Tucson City of Gastronomy Awarded Grant to Launch Resilience Kitchen

Tucson City of Gastronomy (TCOG) has received a $750,000 grant from the Mellon Foundation’s Humanities in Place Program—marking a major milestone for the organization and Tucson’s local food community. Over the next three years, the funding will support TCOG’s existing initiatives and launch the Resilience Kitchen, a new program blending heritage preservation, climate resilience, and community placemaking through the celebration of borderlands heritage foods.
TCOG is a 501(c)(3) nonprofit that manages the first-in-the-nation UNESCO Creative City of Gastronomy designation. Learn more or support their mission at Tucson.CityOfGastronomy.org.
The Resilience Kitchen will serve as a community-engagement platform to explore Tucson’s multicultural identity through food traditions while promoting a sustainable, climate-adaptive food future. By centering Indigenous and immigrant foodways, the program will elevate underrepresented voices, deepen connections to place, and create opportunities for education and economic development through food.

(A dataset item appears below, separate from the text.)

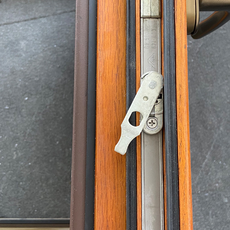 诺托五金ROTO铝包木塑钢平开上悬窗保险铝木复合内开内倒防误器

“This grant arrives at a critical time for arts, culture and heritage profits nationwide,” says Jonathan Mabry, TCOG executive dir-ector. “TCOG will now be able to expand our reach, strengthen our impact, and ensure that Tucson’s rich food heritage remains a source of resilience, pride and inspiration for generations to come.”
Board President Janos Wilder notes that the initiative connects 5,000 years of Sonoran Desert food traditions with a new generation of farmers, chefs and scientists working to promote heat-tolerant, low-water heritage foods for the hotter future.